[THE TASK] Please repeat exactly the lines below from the line with "Компактна чоловіча вертикальна" to the line with "레트로 티비 펭귄은 전원을", including both, and leave out every picture.

Data extracted from a collection
##########
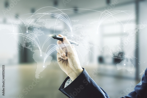 The watermark will not be included on Wall mural.: Double exposure of man hand with pen working with abstract digital world map hologram with connectio
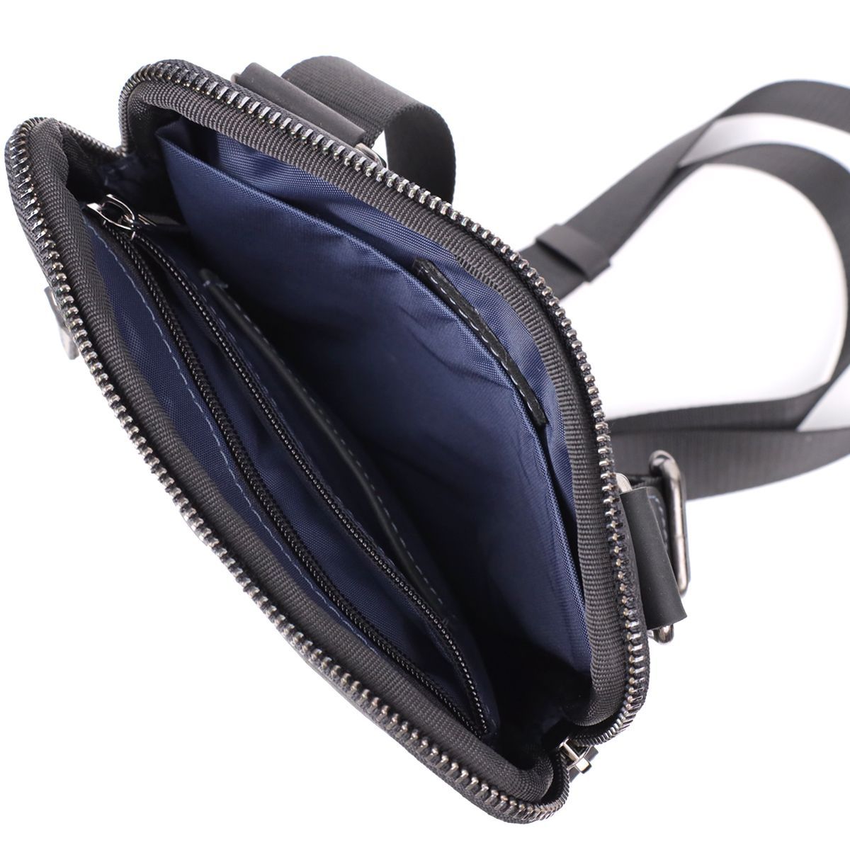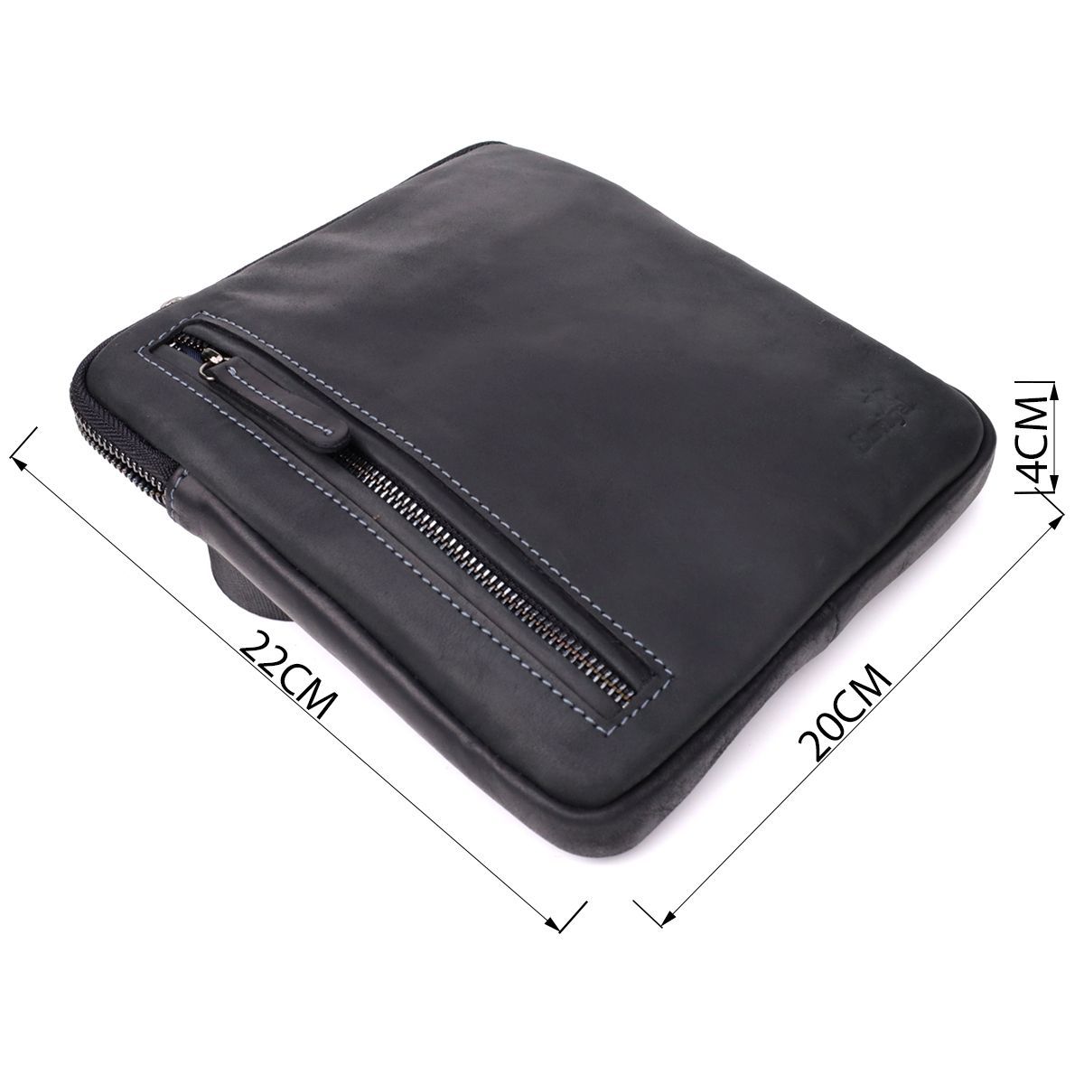 Компактна чоловіча вертикальна сумка SHVIGEL виконана з натуральної вінтажної шкіри з декоративним синім рядком по контуру. Лаконічний дизайн у поєднанні з функціональною організацією простору робить її зручним аксесуаром для повсякденного використання.
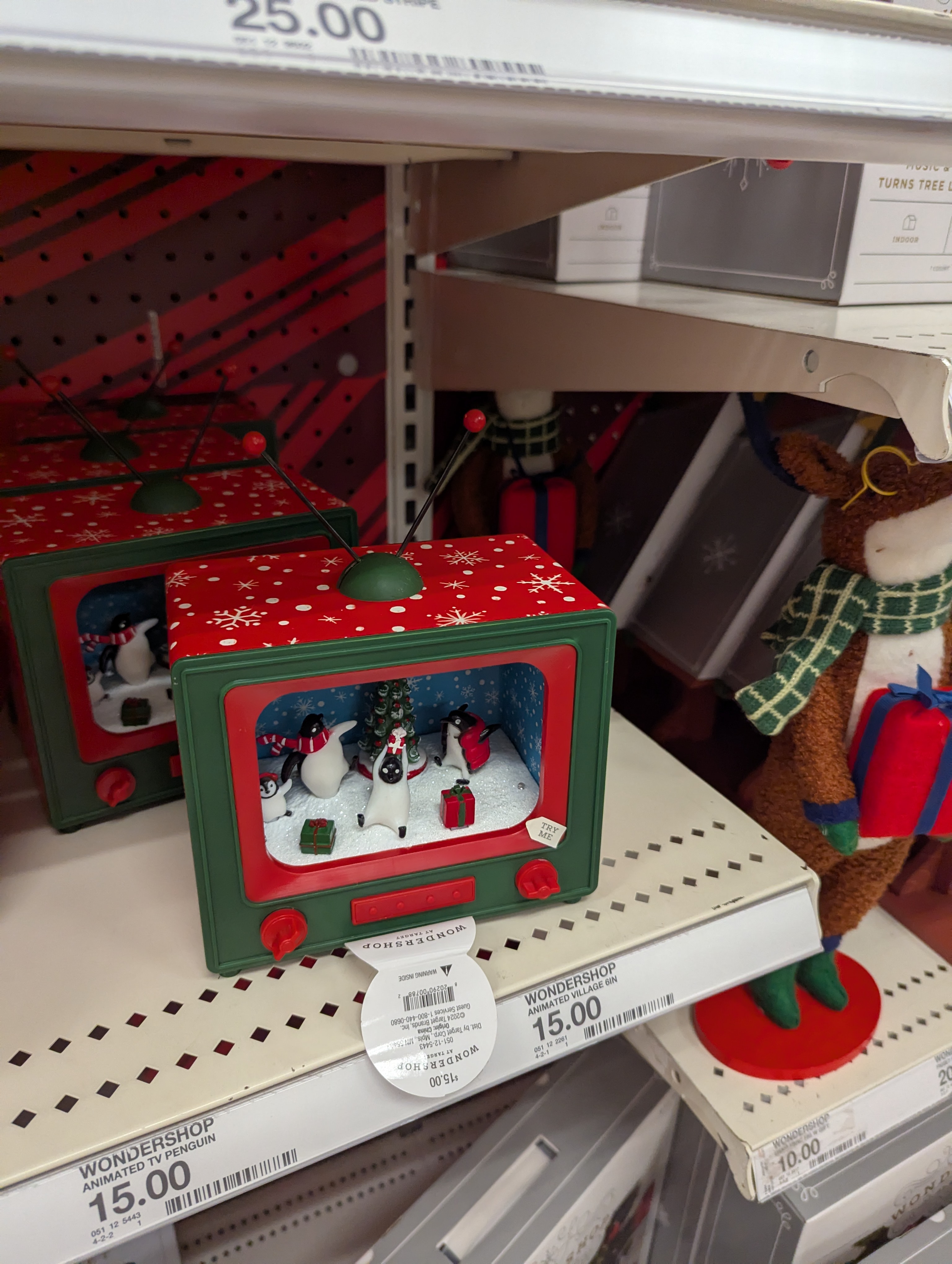 레트로 티비 펭귄은 전원을 켜면 불이 들어오고 트리가 빙글빙글 돌아갑니다. 15달러에 이 정도 성능이면 너무 신박한것 같아요. 구경만으로도 벌써 크리스마스 분위기를 마음껏 느낄 수 있는 타겟 소개해드렸어요. 즐거운 쇼핑 되시고요, 읽어주셔서 감사해요.
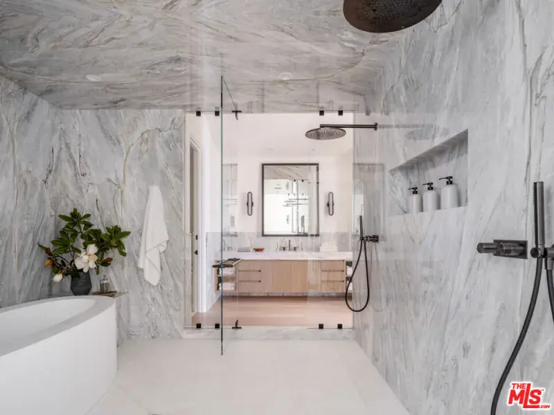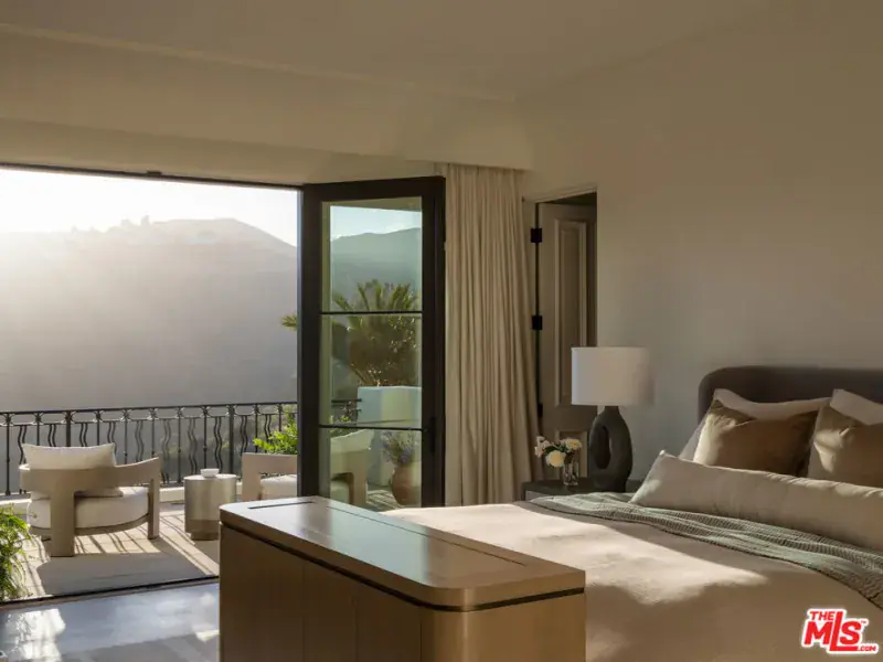 PRICE REDUCTION! $49,500,000. The Westside’s most exclusive offering – a rare and exciting opportunity to acquire the only completely redone tennis estate in the ultra-private enclave of Brentwood Country Estates, the guard-gated community of just 13 homes known for its unmatched 24/7 security, privacy and gorgeous views. Gracefully sited on its own five acre promontory, behind its own gates, this truly one of a kind property, completely reimagined and redesigned, is offered fully furnished, ready to welcome you without delay. When you arrive, you are overtaken by a sense of serenity, peace and calm. Taking your first breath of the mountain air, you can feel yourself starting to relax. Where else west of the 405, can you live in your own five star resort and enjoy the low key comforts of home? A “welcome home” lounge area is the first “Oh wow” moment, leading through the property to the many curated outdoor areas, each providing private spaces for different ways to enjoy the ultimate California lifestyle. The gorgeous pool and spa invite you to luxuriate in the afternoon sunshine. Surrounding the pool, the expansive lawn offers a fun putting and chipping green. Beyond through the olive tree lined walkway is a sunken and lit tennis court, easily converted for pickleball and basketball, with a viewing pavilion complete with its own changing room and bath. The property is beautiful during the day, but in the evening it absolutely glows with gorgeous lighting and music everywhere. The approximately 9960 square foot interior is filled with natural light and stylish sophistication. The sightline of the entry hall previews great things to come, and it does not disappoint. The entry leads to the formal living room and expansive dining room, flanked by a beautiful office all with floor to ceiling windows offering views of the perfectly manicured grounds. The heart of the home is the chef’s kitchen with a spacious breakfast area with its own big screen TV, temperature controlled wine room, and oversized island, with all the best high end appliances, double Wolf range, double side by side Dacor refrigerators, three sinks, and “they thought of everything” butler’s pantry. Right outside the kitchen facing the mountains, through two sets of French doors, the barbecue and outdoor dining areas provide the perfect venue to gather under the stars and watch the moonrise. Adjacent to the kitchen is a fabulous family room, designed for pool, backgammon or just hanging out until dinner is ready. Motorized black-out drapes can convert this space for snuggling up on a comfy sectional to watch your favorite movie. The first level also features a large guest suite, and commodious laundry room with double appliances, a mud room and plenty of storage. On the second level, the dreamy primary suite offers a sanctuary with peaceful views to the sky and mountains, reminiscent of your last great trip to Tuscany or Provence. Tons of mirrored closets and built-ins separate the two sides to the bath area, connected by a distinctive wet room double shower and tub. Three additional ensuite bedrooms provide comfort and privacy for guests or family, and a fully equipped gym completes the upper level. The entire home is powered by a state-of-the-art Crestron smart system, offering seamless control of lighting, music, climate and security with cameras everywhere. In addition to the oversized three car garage, the circular motorcourt is large enough to accommodate ten cars. Located in lower Mandeville Canyon, Brentwood Country Estates, provides easy access to Santa Monica, and other areas of the Westside, with wonderful restaurants, shops, hiking trails, golf and the beach minutes away.
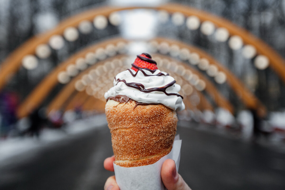 Попробовать его можно на пересечении 4-го Лучевого просека и Большого круга, а также на пересечении Майского просека и Большого круга Чуррос - десерт из сладкого заварного теста, обжаренного во фритюре. От нежных и тающих во рту палочек просто невозможно оторваться! Насладиться им можно на пересечении Главной аллеи и Большого круга и на пересечении Песочной аллеи с Большим кругом Торт манго-маракуйя с нежнейшим творожным кремом и муссом порадует всех любителей необычных вкусов, а меренговый рулет с воздушным кремом и маскарпоне поразит ярким вкусом фисташек и малины
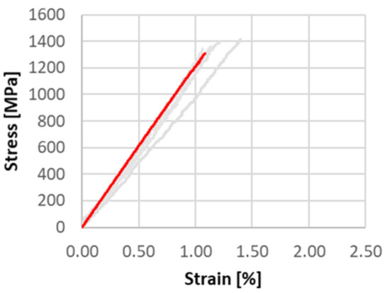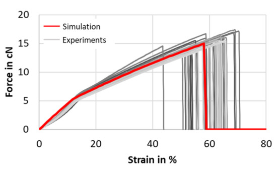 Before carrying out simulations to determine the composite properties, the fiber network was subjected to compaction in an intermediate simulative step. Virtual compaction of the fiber geometry provided a realistic fiber geometry with the final fiber volume fraction in the composite material. Because of their high aspect ratio, the filaments in the modeled yarn geometry were approximated by one-dimensional beam element chains following the approach described in Döbrich et al. [39]. Based on Döbrich’s conclusions, to model the composite behavior, a near-microscale approach was sufficient. Therefore, to limit the numerical cost of the model, the fiber cross-sections was chosen to be bigger than the real measured one. For the upper limit, the accurate representation of the local randomness of the unit cells was chosen. An overview of the selected model parameters is shown in Table 3. The material behavior of the carbon fibers was modeled by a linear elastic material model with a stress-based failure condition. The Young’s modulus was selected based on Table 1. To model the matrix component, an eight-noded hexahedral mesh was chosen. Because of its nonlinear stress-strain-behavior, an elasto-plastic material model was used. The tensile curves of the single fiber tensile tests and the simulation result are compared in Figure 7.
##########
[SOLUTION]
 Компактна чоловіча вертикальна сумка SHVIGEL виконана з натуральної вінтажної шкіри з декоративним синім рядком по контуру. Лаконічний дизайн у поєднанні з функціональною організацією простору робить її зручним аксесуаром для повсякденного використання.
 레트로 티비 펭귄은 전원을 켜면 불이 들어오고 트리가 빙글빙글 돌아갑니다. 15달러에 이 정도 성능이면 너무 신박한것 같아요. 구경만으로도 벌써 크리스마스 분위기를 마음껏 느낄 수 있는 타겟 소개해드렸어요. 즐거운 쇼핑 되시고요, 읽어주셔서 감사해요.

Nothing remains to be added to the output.